First author :  Delplanque M et al 

Review: J Nephrol

Reference :  doi: 10.1007/s40620-024-02038-y 

PMID: 39266930

Link to article :  Pregnancy occurring in AA amyloidosis: a series of 27 patients including 3 new French cases - PubMed (nih.gov)

Introduction:

AA amyloidosis (AAA) is a multisystemic disease caused by the deposition of serum amyloid A (SAA) protein in tissues, which complicates chronic inflammatory conditions. It is a potentially life-threatening complication, with renal involvement being the most common manifestation. Pregnancy in women with chronic kidney disease is considered a risk factor for specific pregnancy complications and worsening of their underlying kidney disease. Data on pregnancy occurring during AA amyloidosis are limited, highlighting the importance of studying maternal and fetal outcomes. The objective of this study was to report pregnancy cases in patients with AA amyloidosis discussed within our reference center and to review the literature on the subject.

Patients and Methods:

Francophone cases were collected via the national multidisciplinary consultation on AA amyloidosis. A literature review was conducted using the MEDLINE and EMBASE databases. The analyzed data included maternal age, pregnancy complications, outcomes, and renal and inflammatory parameters.

Results:

Three new cases are described: a Turkish woman with familial Mediterranean fever (FMF) and postpartum nephrotic syndrome, a woman with cryopyrinopathy who had an uncomplicated pregnancy, and a Georgian patient with FMF, a kidney transplant recipient, whose pregnancy was complicated by infection and preterm delivery.

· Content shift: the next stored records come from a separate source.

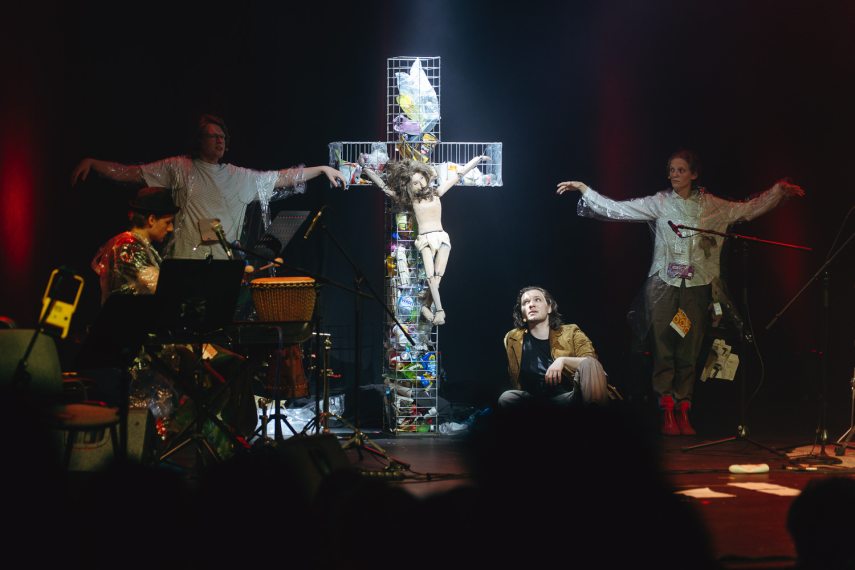 Az előadást a Színház- és Filmművészeti Egyetem ötödéves hallgatói vitték színre Lukács Ádám rendezésében, Vecsei H. Miklós konzulensi közreműködésével. A produkció egyik különlegessége a zenei műfajok merész vegyítése volt – a gospeltől a csujogatásig, sőt helyenként meglepő fordulatokat is bevállalt – például Pilátus ítéletét a Paint it Black aláfestésével hallhattuk. A szöveg gazdagságát és játékosságát hűen tükrözte a színészhallgatók játéka, valamint a plasztikjelmezek és a kupakgyűjtőre hajazó keresztrácsozat, amelyet Jézus tölt meg a fogyasztói társadalom kacatjaival, amikor kiűzi a templomból a kereskedőket és pénzváltókat.
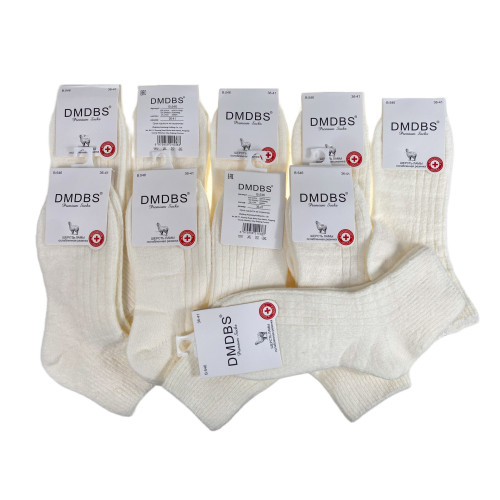 Тёплые и комфортные женские носки из шерсти ламы. Эластичные и хорошо дышат. Размер единый 36-41. В упаковке 10 пар.
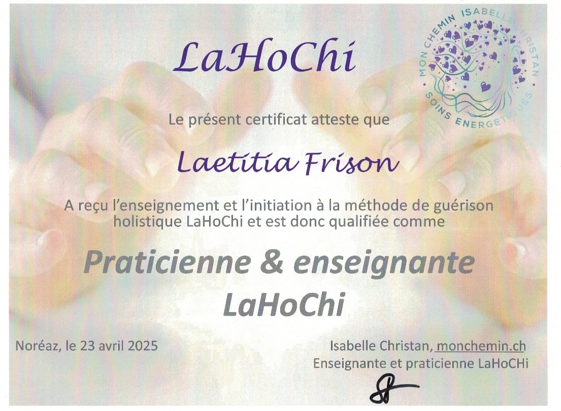 Aujourd’hui, j’ai fait de mon chemin de guérison une vocation. Formée en Reiki et en LaHoChi, j’accompagne les personnes qui, comme moi, se retrouvent à un tournant de leur existence, fatiguées, déconnectées, en perte de repères… mais prêtes à se retrouver. Je propose des cours de yoga, des soins énergétiques et prochainement, je compléterai mon accompagnement grâce à une formation en naturopathie que j’ai entamée pour devenir thérapeute à part entière.
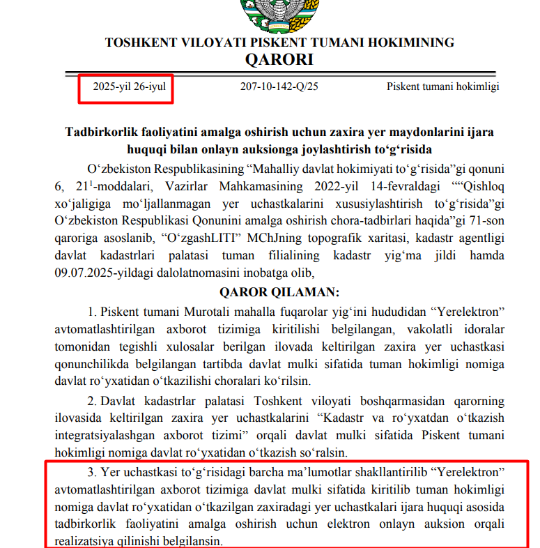 Участок был выставлен на продажу решением хокима Пскентского района Музаффара Арипова от 26 июля 2025 года.
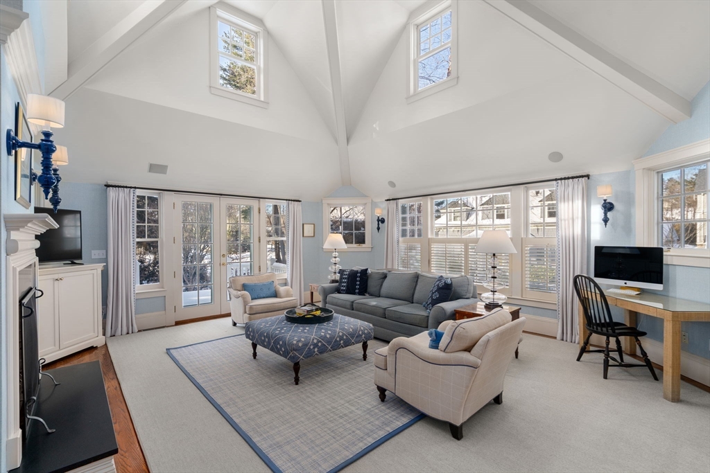 Prime Country Club location! Very special home with high ceilings, sunlight and an ideal layout on one of Wellesley's favorite streets. Enter through welcoming front porch. Oversized Living room with fireplace and built-ins. Dining room with custom wood cabinetry. Back of home is open concept with updated kitchen, casual dining, large island and family room with another fireplace and picture windows. 2nd floor with main bedroom, double closets with full bath. 2 additional beds/ full bath & laundry plus a home office. Third floor with 2 more bedrooms/full bathroom and cedar closet plus storage. Lower level with large mudroom room, playroom, full bath, climate controlled wine room and a gift wrapping station. Lower level also includes hostess kitchen with fridge, freezer and dishwasher. Greenhouse for the cultivating enthusiast. Brick patio and large flat yard. Super close to Brook Path, Phillips Park, Wellesley Hills train, Quebrada and Cafe Nero. Move right in and enjoy!
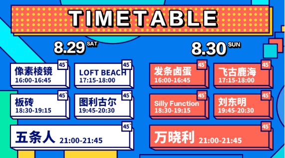 此次音乐节不仅请到了这个夏天炙手可热的五条人乐队,还有万晓利、刘东明、图利古尔、Silly Function、板砖、LOFT BEACH、飞古鹿海、像素棱镜、发条卤蛋等知名音乐人将带着他们的乐队与观众一起重温摇滚岁月。
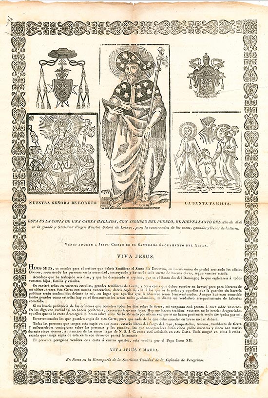 Pasemos a la descripción de la gran hoja impresa. Lleva pie de la supuesta imprenta romana de la “Estampería de la Santísima Trinidad de la Cofradía de los Peregrinos”, con toda probabilidad falsa ya que, como veremos, otros detalles del impreso nos llevan a pensar que se hizo en tierras hispanas. Una orla tipográfica bastante común en gozos del momento encierra unas imágenes en la parte superior y el texto de una oración en la inferior. En el centro encontramos el título, que reza así: “ESTA ES COPIA DE UNA CARTA HALLADA, CON ASOMBRO DEL PUEBLO, EL JUEVES SANTO DEL Año de 1828 / en la grande y Santísima Virgen de Nuestra Señora de LORETO, para la conservación de las cosas, ganados y bienes de la tierra”.
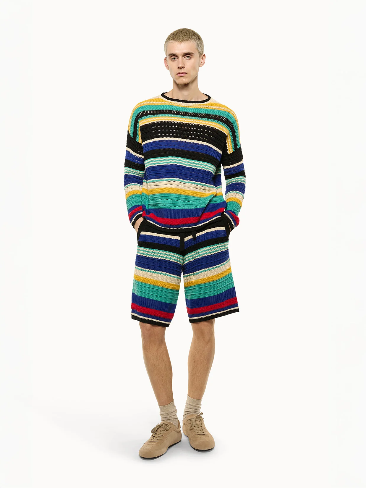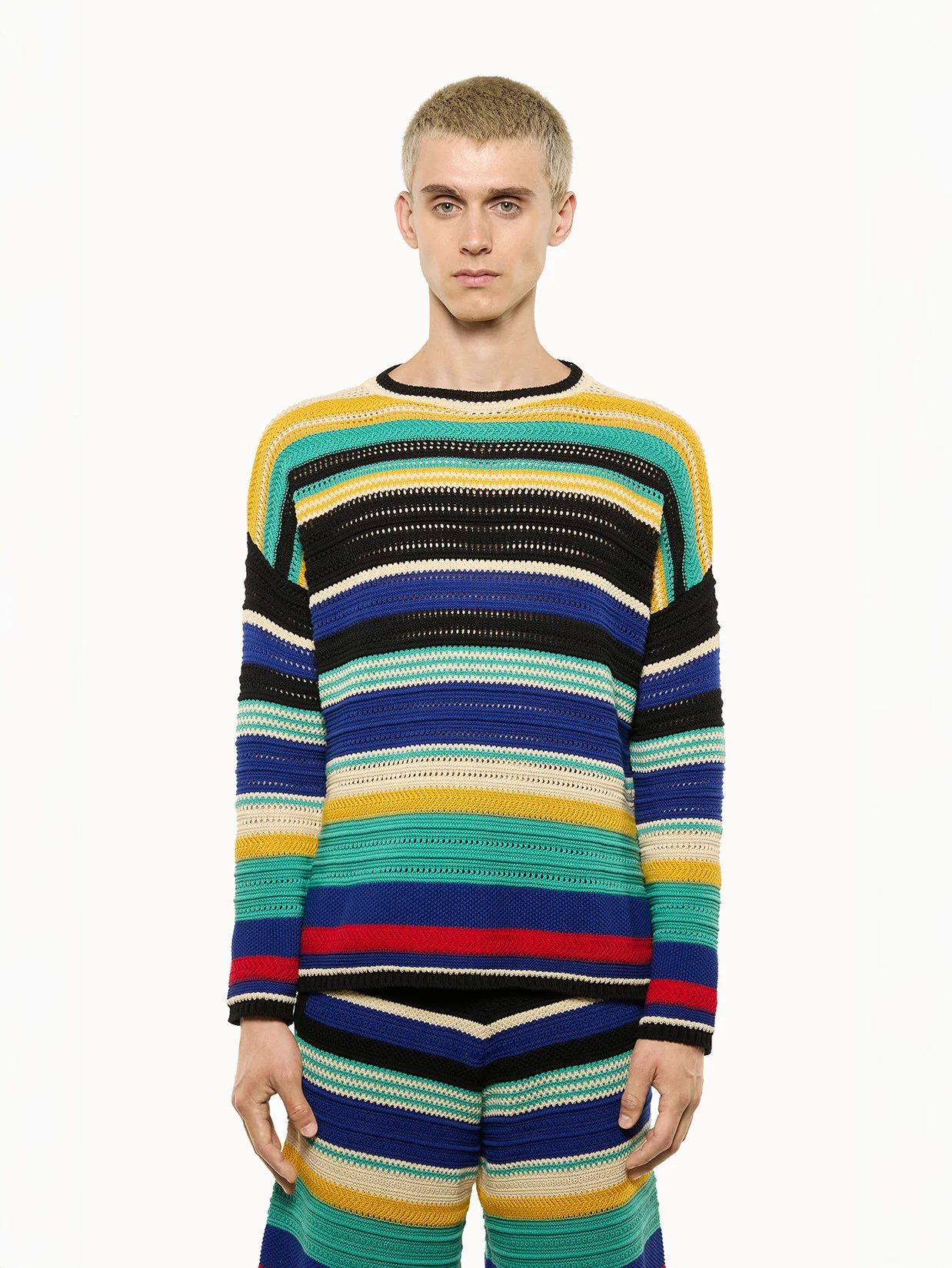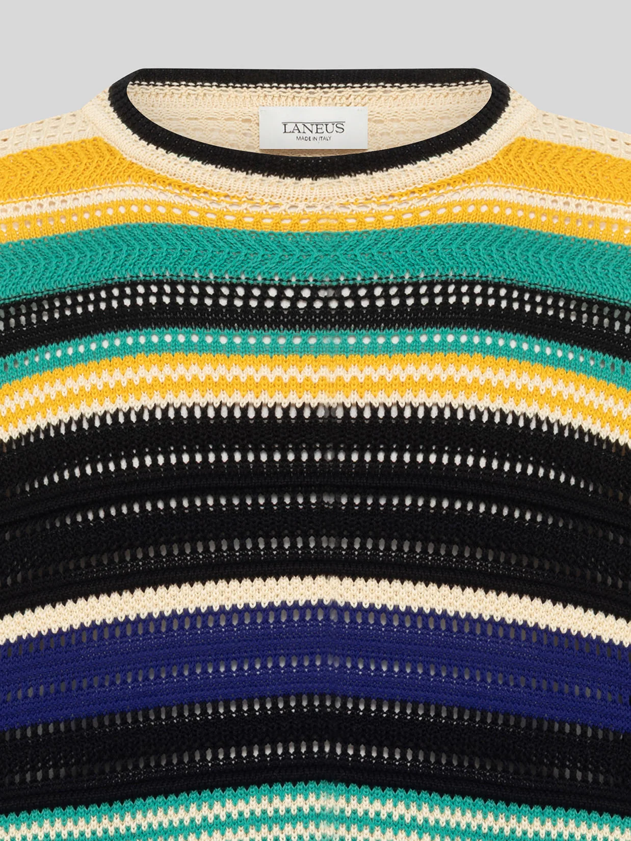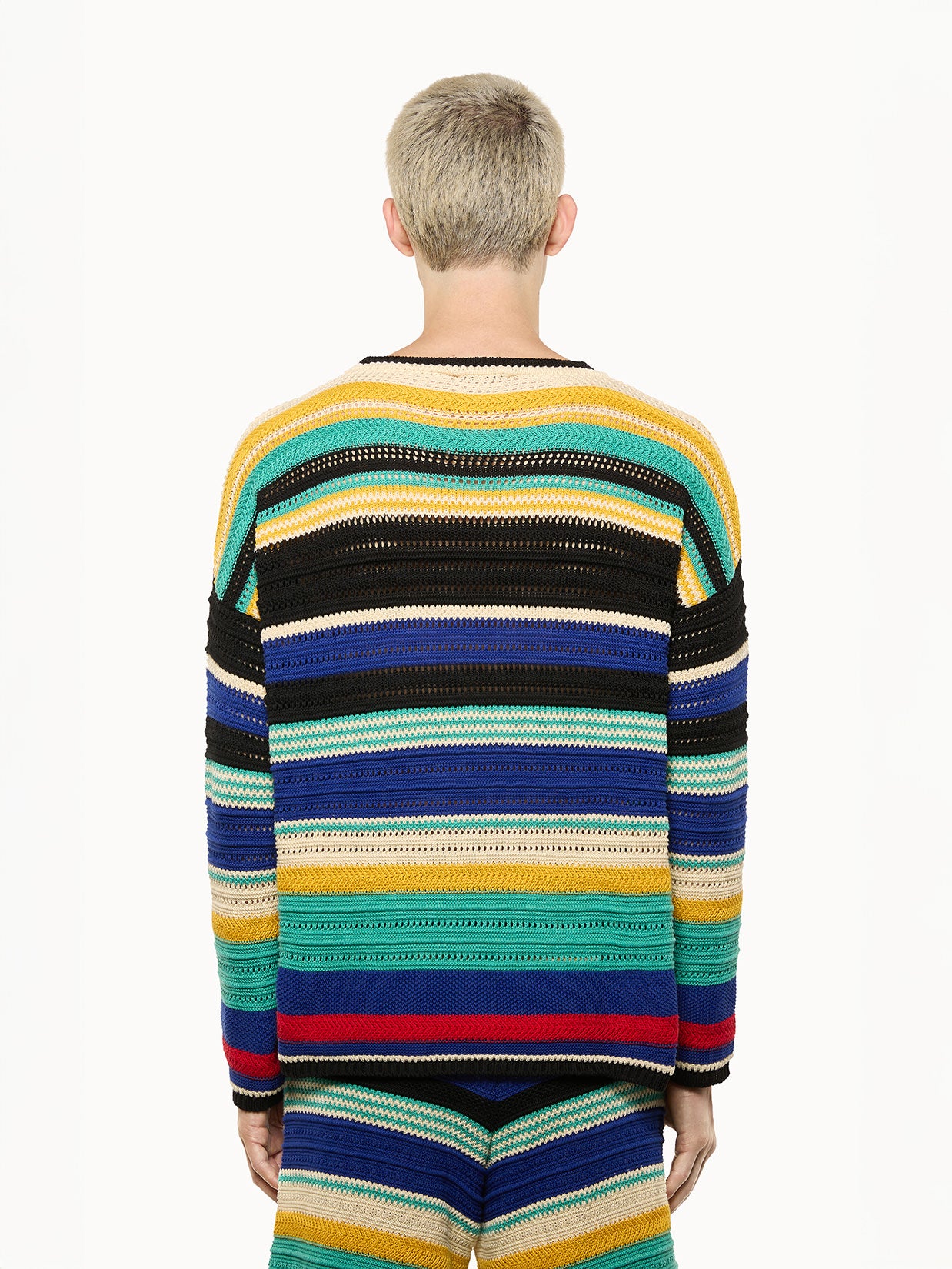 Maglia in cotone intrecciato punto rete. Caratterizzata da un aspetto fresco ed estivo. Maniche lunghe. Vestibilità Over. Made in Italy.
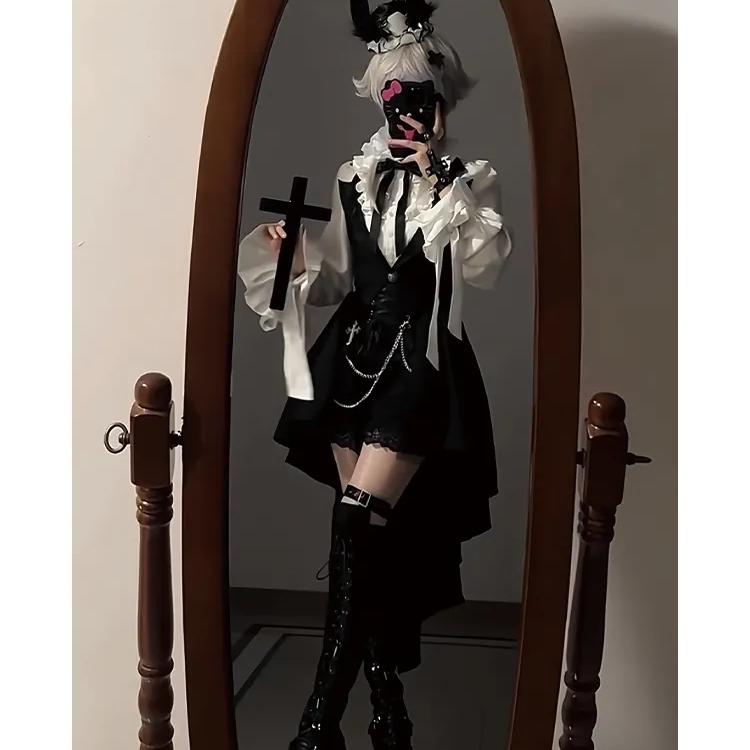 2025春季新款暗黑哥特风衬衫蕾丝短裤拖尾马甲lolita连衣裙三件套
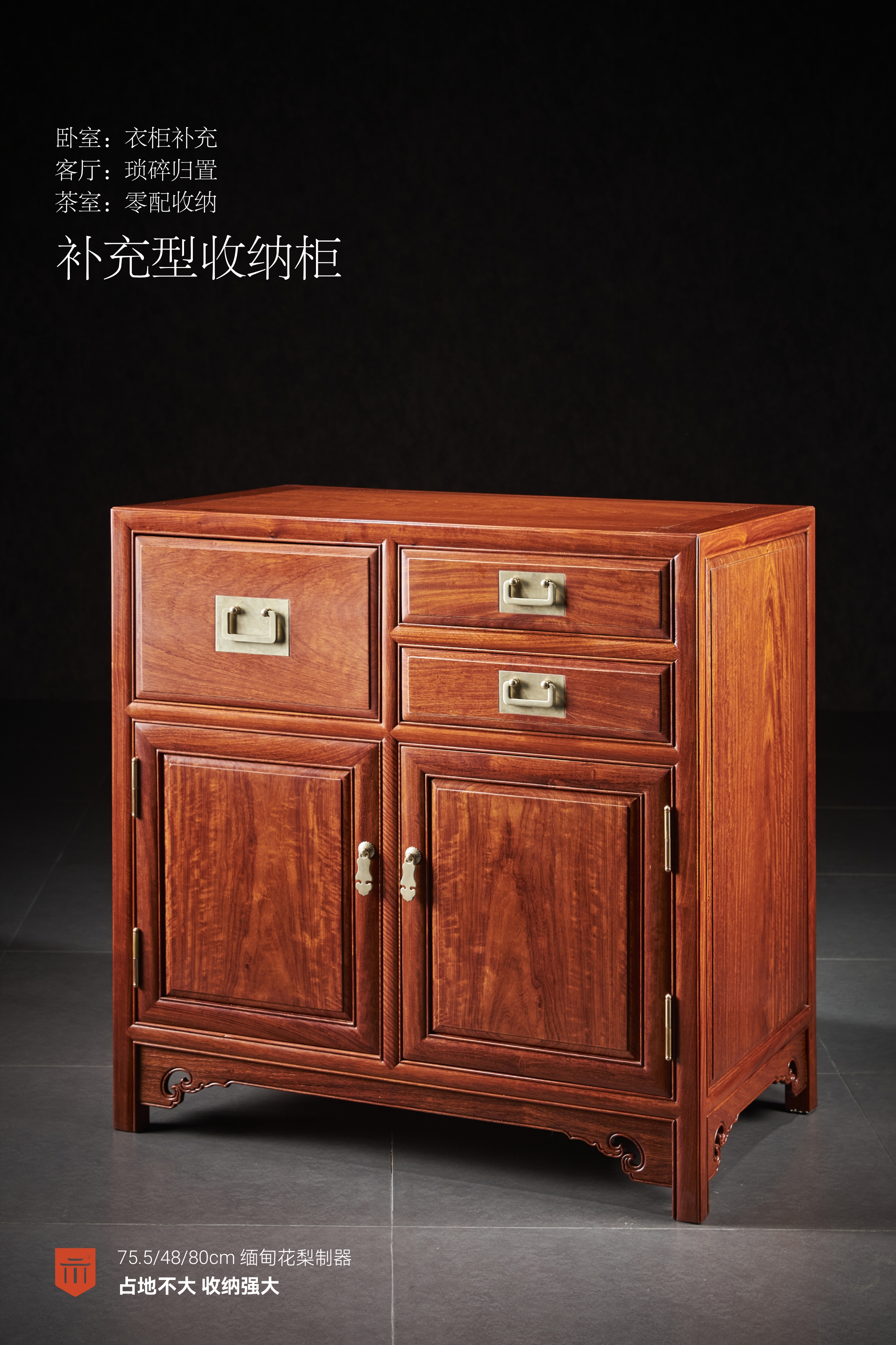 此款收纳柜,可作为补充型收纳柜,用于卧室衣柜补充,客厅琐碎归置,茶室零配收纳等。收纳柜高度适中,器型周正规整,采用全榫卯结构,设三具抽屉,左一右二布局,用于分类存放一些小杂物,配铜拉手,下安双柜门,空间较大,可存放较大物件,柜门下安牙条,通体线脚素雅,器形古雅清逸,占地不大,收纳强大。
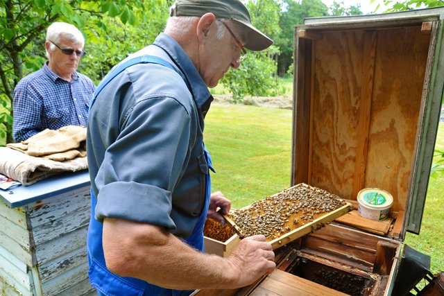 Vi har fået delt familierne efter Læsø modellen omkring månedsskiftet maj-juni, siden er der ikke gået sværme, og siden har vejret været til noget andet end biavl med store udbytter. Meget af den honning, som sad i tavlerne sidst i maj har bierne selv skullet bruge. På slyngedagen havde vi derfor god tid i Lægeurtehaven, som vi holdt med publikum den 8. juli.
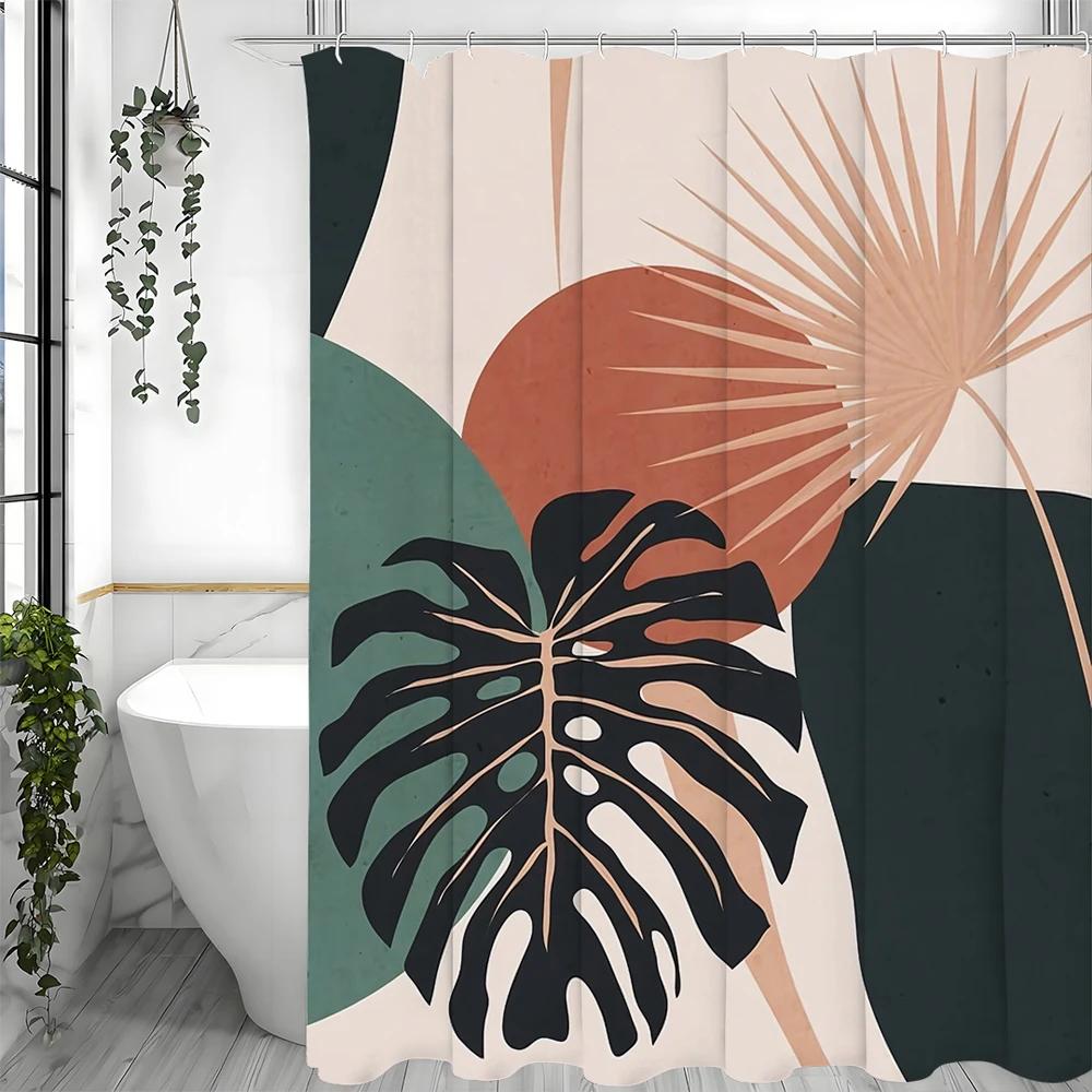 Mid Century Modern Bohemian Shower Curtain, Bohemian Arched Leaf Abstract Bathroom Decorative Shower Curtain, Waterproof Shower

Results from the 3 New Cases and the Literature Review:

Among the 27 cases, including 24 from the literature and 3 new ones, 8 patients were diagnosed with AA amyloidosis during or just after pregnancy. The median age at diagnosis was 25 years [19-32]. FMF was the main cause of AA amyloidosis (19 cases), followed by cryopyrinopathies (2 cases), chronic inflammatory bowel disease (2 cases), and infections (2 cases). Renal complications were common: 33% (3/9) of patients with an eGFR < 60 mL/min/1.73 m² experienced renal deterioration during pregnancy; 66% (8/12) had increased proteinuria. Ninety-two percent (23/25) of patients had obstetric complications, including preterm birth (11/25), intrauterine growth restriction (10/25), preeclampsia (4/25), and hypertension (3/25). The median gestational age at delivery was 36.5 weeks [32.5; 38], mostly by cesarean section (17/22), and no hemorrhagic complications were reported. Two patients had undergone kidney transplantation before pregnancy. Estimated glomerular filtration rate (eGFR) was known before pregnancy in 10 patients, with a median of 55 mL/min/1.73 m² [38; 57], and 8/15 had significant proteinuria (> 0.5g/24h). Among those with known baseline eGFR before pregnancy, 33% (3/9) experienced a decline in renal function during pregnancy, but all recovered afterward. Two patients whose prior kidney function was unknown required hemodialysis. Proteinuria increased during pregnancy in 66% of patients (8/12).

Conclusion:

Pregnancy is a critical moment in the natural course of AA amyloidosis in terms of diagnosis and the risk of renal and obstetric complications. When possible, pregnancy should be planned with pre-conception counseling, multidisciplinary management, and close monitoring to minimize these risks.